Jesus verwendet ein Beispiel: Stellen wir uns vor, das Kind bittet seinen Vater um etwas zu Essen. Dann würde doch niemand seinem Kind etwas Schädliches oder Gefährliches wie eine Schlange oder einen Skorpion geben (Lukas 11,11-12). Dadurch, dass Jesus den Menschen Gott als guten Vater vorstellt, wiederholt er eigentlich nur, was schon im Alten Testament ausgedrückt wird: Gott sieht unsere Bedürfnisse und kümmert sich gerne um uns – so, wie Eltern für ihre Kinder sorgen.

Kommen wir noch einmal auf die Frau zurück, deren Bauch (Rachamim) heiß wurden. Die Mutter ist emotional bis in ihr Innerstes bewegt, weil ihr Kind in Lebensgefahr ist. Das ist völlig normal.
Und solche Gefühle sind auch für Gott völlig normal. An einer Stelle in der Bibel verspricht Gott den Israeliten, dass er sie auch in der größten Not nie vernachlässigen wird (Jesaja 49,15): „Wird denn eine Frau ihren Säugling vergessen, sodass sie sich über das Kind ihres Leibes nicht erbarmt?“ – Auch hier sollten wir versuchen, nicht an Mitleid oder Barmherzigkeit zu denken. Denn das hebräische Wort bezeichnet einfach „nur“ die ganz normalen Gefühle und Handlungen einer Mutter.
Niemals!
Auf die Frage, die Gott hier stellt, gibt es eigentlich nur eine sinnvolle Antwort: „Niemals!“ Gott verspricht den Israeliten in diesem Text: „Ich vergesse und vernachlässige euch nicht, genau wie eine Mutter ihren Säugling nicht vernachlässigt. Sie kann das nämlich gar nicht. Sondern sie wird immer für ihren Säugling sorgen und auf ihn aufpassen. Sie wird ihm alles geben, was er zum Leben braucht. So sorge ich für euch.“
Gott stellt sich uns als jemand vor, der durch unsere Not emotional bewegt wird. Gott ist nicht jemand, der unser Leid einfach nur sachlich zur Kenntnis nimmt. Sondern Gott fühlt wie ein guter Vater oder eine gute Mutter, deren Kind dringend etwas braucht. Man könnte sogar sagen: Gottes „Bauch brennt“, wenn er menschliches Leid wahrnimmt.

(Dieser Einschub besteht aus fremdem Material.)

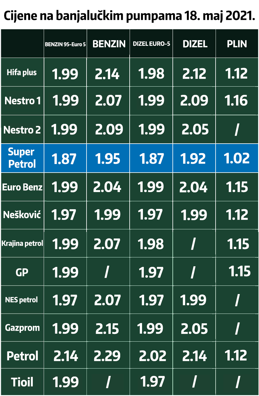 U tabeli i na fotografijama možete vidjeti gdje je kolika cijena, kao i gdje je najjeftinije gorivo u Banjaluci.

Christen gehören zu Gottes Familie. Wenn Christen beten, dann kommen sie nicht wie Bettler zu Gott, die auf ein Almosen hoffen. Sondern sie kommen zu Gott wie kleine Kinder, die ihre Eltern um etwas bitten. Voller Zuversicht, dass Gott die Bitte erhört.

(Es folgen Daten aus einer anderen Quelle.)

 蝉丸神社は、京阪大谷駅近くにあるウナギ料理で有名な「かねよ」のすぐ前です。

Weil Gott emotional ist, so sehr, dass sein „Bauch brennt“, ist diese Zuversicht berechtigt.
Prof. Dr. Carsten Ziegert war als Wycliff-Mitarbeiter mehrere Jahre im Tschad. Heute arbeitet er als Professor für Altes Testament an der Freien Theologischen Hochschule Gießen.